= Christian Bromberger =

French anthropologist (born 1946)

Christian Bromberger (born 1946, in Paris) is a French professor of anthropology and an expert of Iranian studies at the University of Provence in France. He is a specialist in studying the culture of Gilan in the Northern side of Iran and also the head of the French Association of Iranian Studies.

Bromberger has conducted field research in the foothills of Gilan and has a major role in the establishment of the Guilan Rural Heritage Museum being a member of the museum's Board of Experts.

Fluent in English, Russian, Italian, French, Greek, Persian, and Gilaki languages, Bromberger is the author of numerous articles written in the Encyclopædia Iranica about Gilan.

== Life and education ==
After studying French classical literature, Bromberger completed his studies in anthropology. In 1990 he received his doctorate from the University of Aix-en-Provence, France, with a briefing on Gilan and at the same time he became the chairman of the Association for the Adaptation of Antarctic Anthropology in the Mediterranean (affiliated with the CNRS National Center for Scientific Research). His studies were both in the core French anthropology - Claude Lévi-Strauss Structuralism and André Leroi-Gourhan Cultural Studies. Therefore, his works are mainly an innovative combination of both anthropology studies. Since the 1970s, he has been working on a regular basis in Iran, Italy, and southern part of France.
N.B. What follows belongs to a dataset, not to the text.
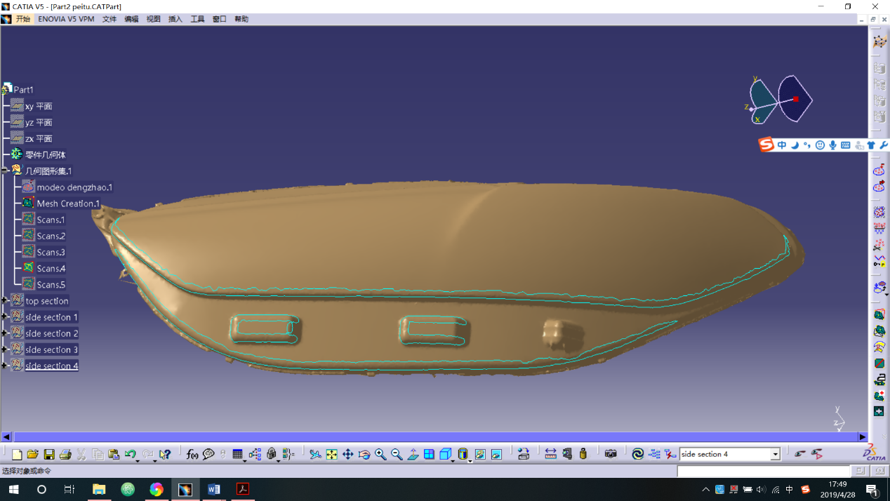 汽车前照灯的一般设计流程分为:标准化光源型号的选定;透镜和反射镜的设计;前照灯造型设计。针对于具体车型尺寸及照明要求,可以快速确定标准化光源的类型,而对于不同光学结构的前照灯系统,其反射镜设计和壳体设计才是最关键也是最困难的环节。国外专业前照灯公司已经研制开发出前照灯专用设计软件,可以根据汽车外形尺寸及光学性能要求,自动得到最优化的反射体结构,并且在前照灯底座和灯罩壳体的设计上积累了大量的经验。国内如果要设计一款全新的前照灯,使其配光性能优秀,底座和灯罩壳体注塑工艺性好,将会耗时费力,使产品开发周期增长,设计投入增大。而采用逆向设计的方法,在已有的优秀前照灯产品的基础上,进行结构性能分析,模型重构,优化设计,将会缩短产品的开发周期,并减少设计投入。

He was selected by several universities outside France as a visiting professor and also has been elected as a senior member of the Institut Universitaire de France since 1995. Heritage Council (Ministry of Culture) as well as the scientific responsibility of the Museum of European and Mediterranean Civilizations, which is currently taking shape in Marseille (France).

In February 2006, he was elected to the management of the French Association of Iranian Studies in Iran. His research, published in more than 170 works (collections, articles, and collaborations in collections), are on the basis of the method of expression and the appearance of collective identities in Iran (especially in Gilan province) and in the southern regions of Europe (Provence, Languedoc, Piedmont, Campania, Italy, and ...).

Bromberger has also done a series of studies about how people are fascinated by association football teams and games, including its rivalries, in several cities around the world such as Marseille, Naples, Turin, Lance, and Tehran. In addition, a number of his writings, which have a more general approach, are aimed at refining the methods, concepts, and themes of anthropology, especially in the studies of contemporary problems in the Western societies.